His case raises the question: Are there more children like him?
"There might be thousands of children like Tito, and one of our challenges is to determine whether anything can be done about that and whether there are more children that can be in a sense awakened like Tito," Merzenich said.
Tito's poetry caught the attention of world-renowned autism experts, who wanted to study him. The boy was one of the few people with autism able to describe his inner experience.
Halfway across the world in Los Angeles, another mother, Portia Iversen, was doing everything she could to give her son Dov a chance.

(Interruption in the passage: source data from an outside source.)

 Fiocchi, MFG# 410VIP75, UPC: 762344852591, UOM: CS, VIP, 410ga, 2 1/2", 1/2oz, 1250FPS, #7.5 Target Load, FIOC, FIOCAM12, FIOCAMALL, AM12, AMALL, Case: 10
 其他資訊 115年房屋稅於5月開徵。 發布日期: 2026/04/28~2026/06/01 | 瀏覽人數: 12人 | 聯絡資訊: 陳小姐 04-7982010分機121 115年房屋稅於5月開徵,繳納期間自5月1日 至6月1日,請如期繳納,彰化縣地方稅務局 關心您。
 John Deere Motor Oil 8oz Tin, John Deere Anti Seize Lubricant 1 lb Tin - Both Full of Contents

"There's certain intensity and vigilance you feel when you're the parent of an autistic child," Iversen said. "A vigilance to help them break through and break out of the disorder."
Like Tito, Dov was severely autistic. But Iversen had refused to accept her son's fate and had started a foundation, Cure Autism Now, to fund research into the condition that ruled Dov's life. And it was that foundation that brought Soma and Tito to the United States.

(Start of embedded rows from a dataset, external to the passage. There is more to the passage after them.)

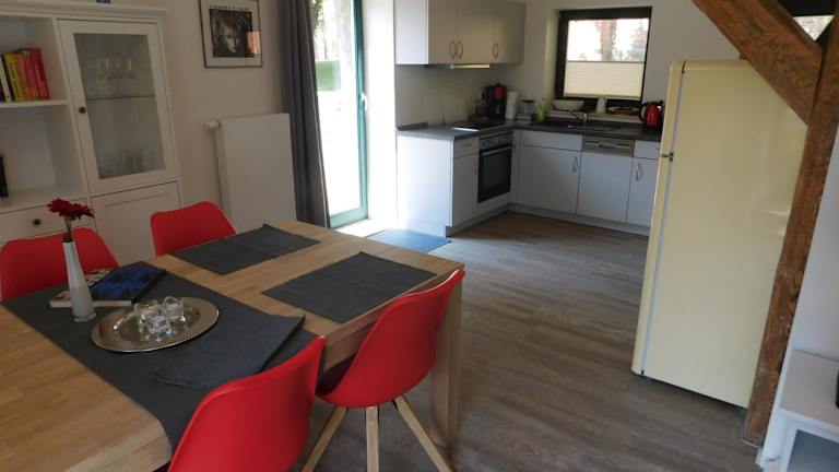 Die Pfarrscheune verfügt über eine gut ausgestattete Küchenzeile, die mit einem Kühlschrank, einem Geschirrspüler, einem Backofen, einer Kaffeemaschine und einem Wasserkocher ausgestattet ist. Hier können Sie bequem Ihre eigenen Mahlzeiten zubereiten. Kostenloses WLAN steht Ihnen in allen Bereichen der Unterkunft zur Verfügung.
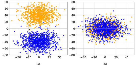 The alignment process between the latent representations of fire hole videos and the model-generated features. The yellow dots represent the features extracted from the fire hole videos, and the blue dots represent the features learned by the model. (a) The state before training. (b) The state after training.
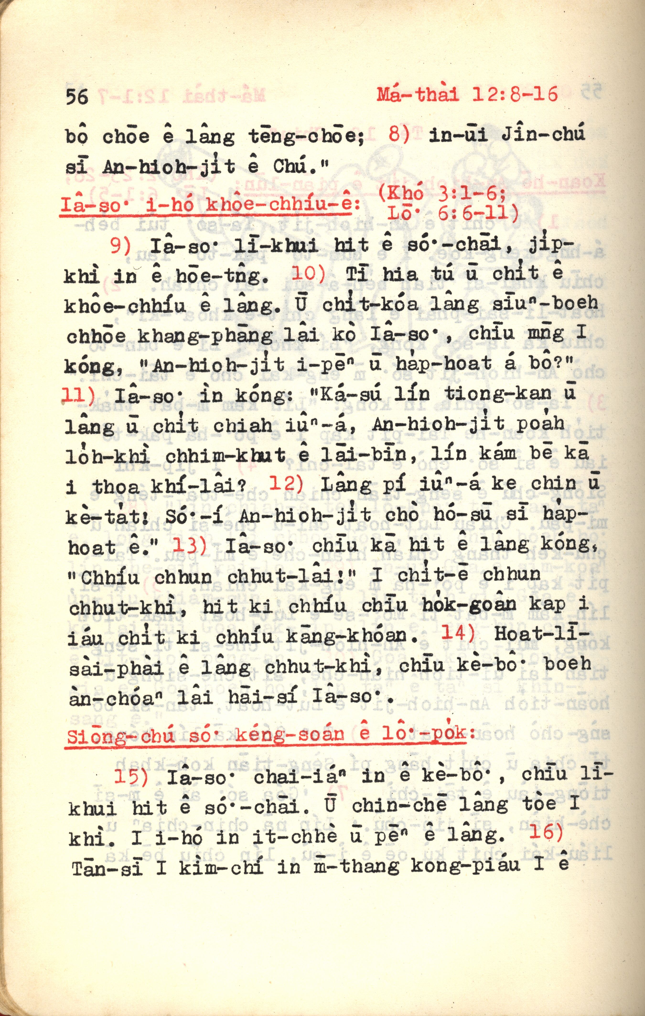 1972年新约红皮圣经 马太福音 12 章 8 节到 12 章 16 节
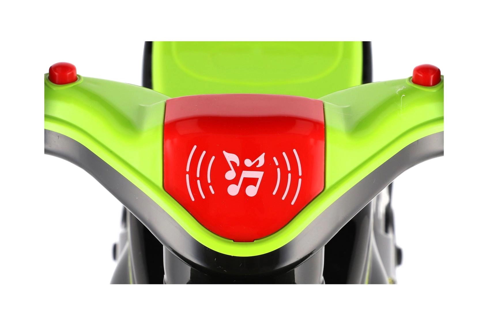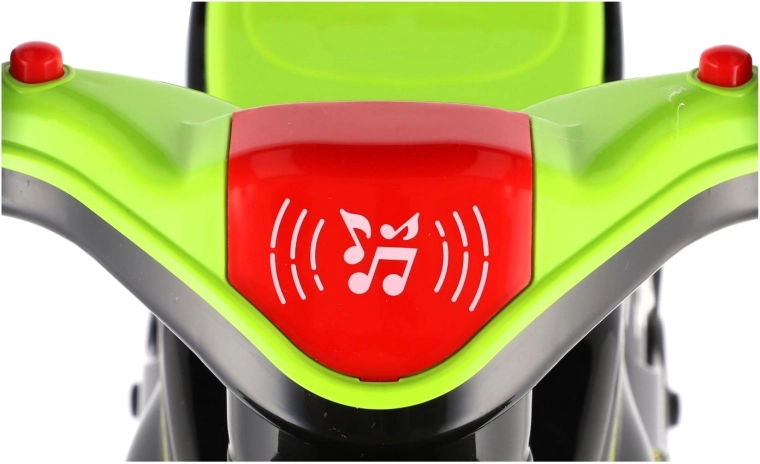 Jooksuratas on varustatud valgus- ja heliefektidega, mis muudavad sõidu kaasahaaravaks elamuseks. Kaasaegne rohe-must teostus atraktiivsete sportlike kaunistustega näeb välja nagu tõeline võidusõidumasin ja motiveerib lapsi aktiivselt liikuma.

"I was just filled with questions to ask Tito about all these behaviors," Iversen said. "So that I could understand my son Dov better."
The Unexpected Happens
During Soma and Tito's visit something unexpected happened. Soma taught Dov the method she used with Tito, getting him to focus, point and spell out entire sentences. For the first time, Dov could tell his own mother, in rich detail, everything she wanted to know.
"This is not a cure for autism, it's a tool," Iversen said. "It will probably not work for everybody the way it has for Tito, or for Dov, but we have to try and determine if it can."

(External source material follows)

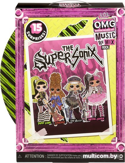 | Информация | Особенности: — 15 сюрпризов внутри упаковки; — снимаемая одежда и разнообразные аксессуары; — волосы прошиты, можно расчёсывать; — подвижные руки и ноги, за счёт чего кукла может принимать разные позы. Высота куклы: около 25.4 см. Материал: пластмасса, текстиль, полимерные материалы. В наборе: кукла, одежда, обувь, аксессуары. Прочувствуй настоящий рок, настоящий драйв с новой коллекцией кукол LOL Surprise! из серии OMG Music Remix Rock! Bhad Gurl обладает потрясающими чертами лица, красивыми, уложенными волосами и её собственным эпатажным рок-звёздным стилем. Bhad Gurl — участник Super Sonix, рок-группы, написавшей хит "I’m a Queen". Bhad Gurl в банде отвечает за ударные. Она виртуозно справляется с четырьмя барабанами на ударной установке, которая крепится у куклы на талии. А ещё у Frame Queen неповторимый образ. Только посмотрите на нееё Салатовые волосы, яркий макияж, мини-юбка, колготы в сетку и невероятные меховые сапоги! В набор входит 15 сюрпризов, включая крутой инструмент, модный наряд, 1 пару обуви, обувную коробку, аксессуары, шляпную коробку, расчёску для волос, подставку для куклы, полноразмерную пластинку, лирический журнал. |
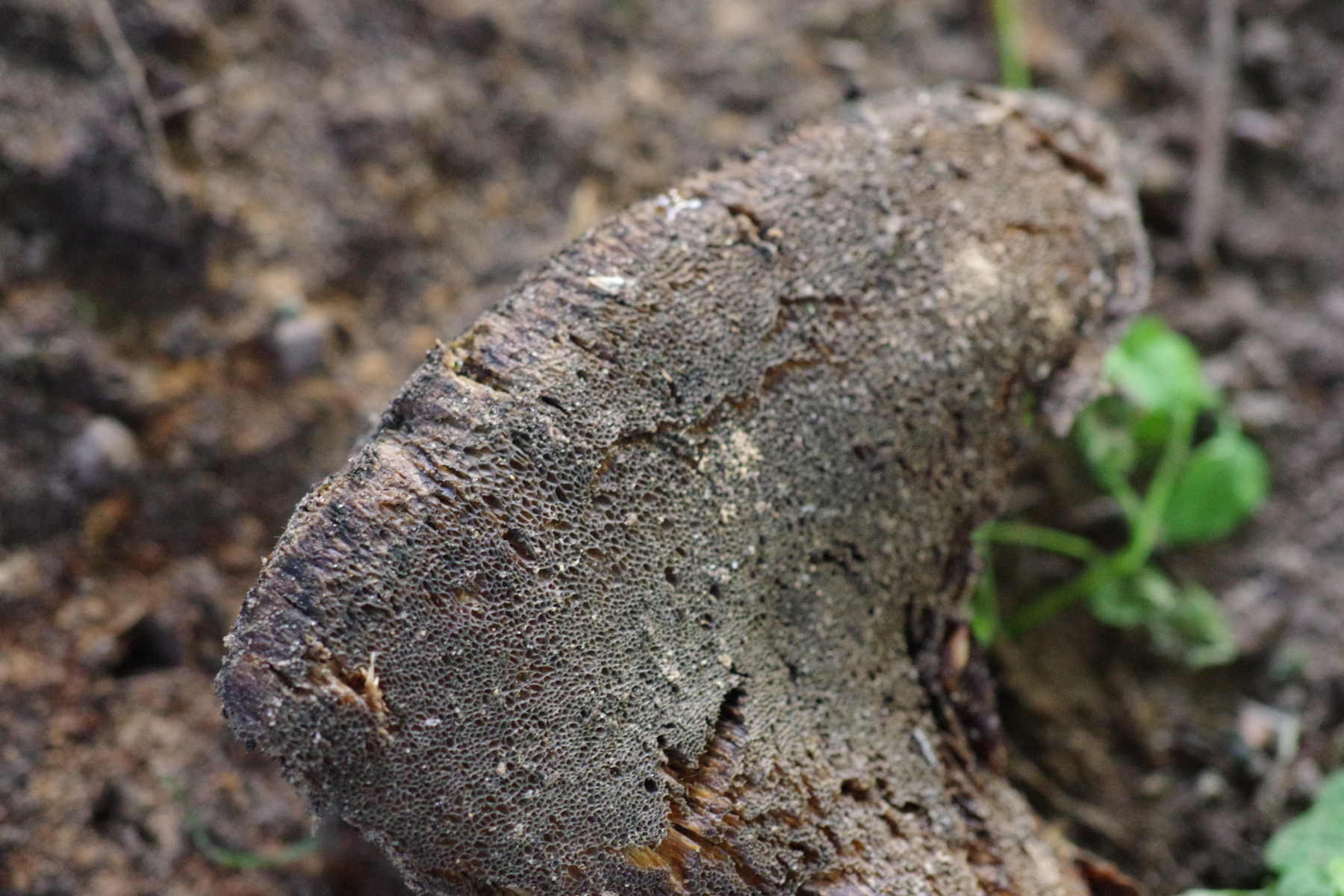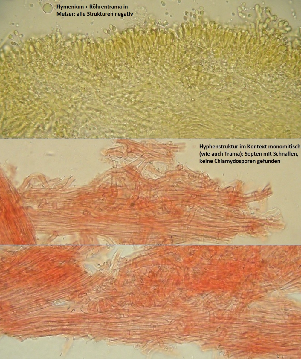 Ergänzend noch 2 Bilder mit den sehr unscheinbaren Resten des vorjährigen Pilzes, links unterhalb des diesjährigen Frk. Ausgehärtet, wie verholzt, oben und unten nahezu schwarz, die Röhren seitlich braun.

For Iversen, the changes have been astonishing.
"Every day was a new excitement," Iverson said. "Making up for all these years of 'what do you want to be when you grow up? What's your favorite subject in school? Do you like school? What's your favorite color? How do you like having brothers and sisters?,'" she said.
Soma and Iversen are at work on a manual that aims to teach other parents what they call the "rapid prompting method." Now Soma has begun to teach the method at Dov's school, working with nine other autistic students.
When Iversen asked Dov what being able to communicate has given him, he spelled out an answer:
"I am understood."
Merzenich says Soma and Mukhopadhyay's efforts should be examined closely by the medical world. "So we need to look at the strategy more widely and determine whether or not it is a valid strategy for a large number of children," Merzenich said. "That's still unresolved . But The initial observations are extremely hopeful."